I hear that autistic people are often deemed rude or uncaring. I was the opposite. Everyone saw me as very sweet, nice, kind, caring, etc. I never appeared uncaring and cold to anyone as a child. In my teen years, I did have some things slip through where I could come off that way, but overall everyone would shower me with compliments about how nice and sweet I was. I saw that other kids had a balance of someone being rude and nice to them, but I got an overwhelming amount of praise and kindness and smiles as opposed to people actively disliking me for seemingly no reason.
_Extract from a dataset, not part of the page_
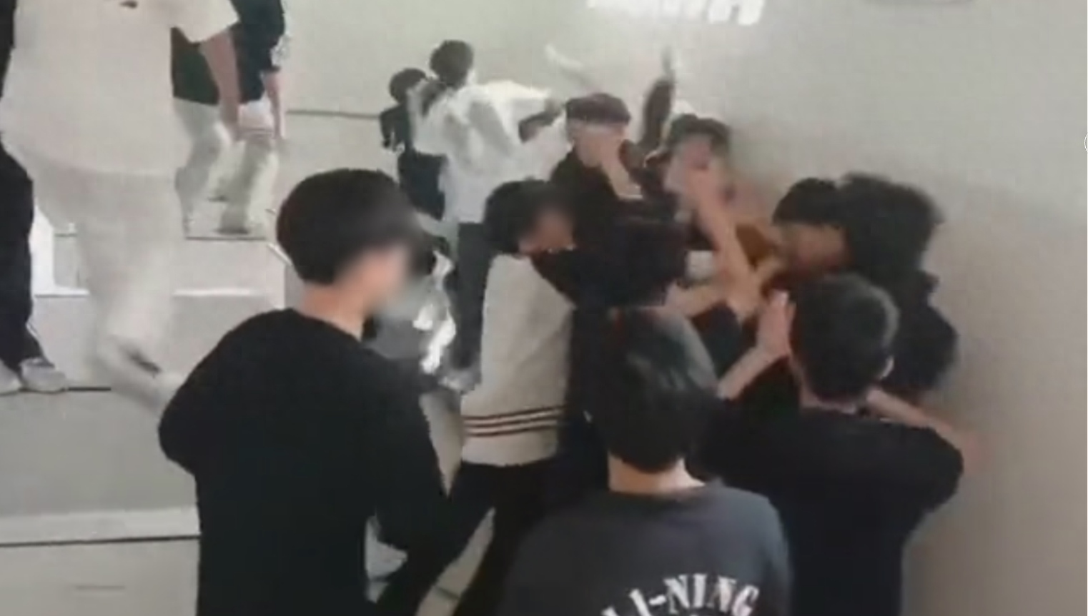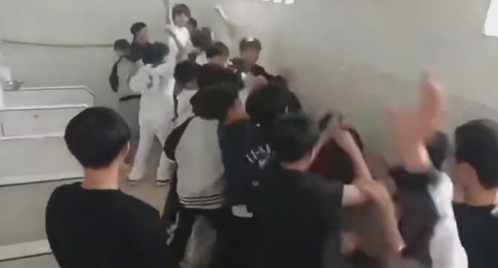 视频显示,在一公厕中,一群男生将两三名男生围堵在内,众人“七嘴八舌”。期间,有人大喊“砸”,随即多人附和,一群人冲上前去,挥拳疑对3名男生围殴。

Instead, I found people seemed to like me for no reason.
Apparently, I'm the type of person where you cannot imagine me doing something morally wrong or "dirty". I'm always abiding by rules, I know this so that could be why they feel this way about me. I don't know, it doesn't matter where I go people will always say "Oh she's great! I love ___!" even with people I hardly know, they seem to be very nice to me without me understanding why. I mean, I'm not complaining, but I find it very interesting. I've also heard it was because I was nice to them, but I hardly remember doing anything "nice" for people, I just do stuff at times and apparently I'm loved.
At one point I wondered if it was because they figured something was "wrong" and would just shower me with respect and kindness because they were afraid of hurting my feelings if they told the truth. Has anyone else been through the same thing, or am I looking too into it?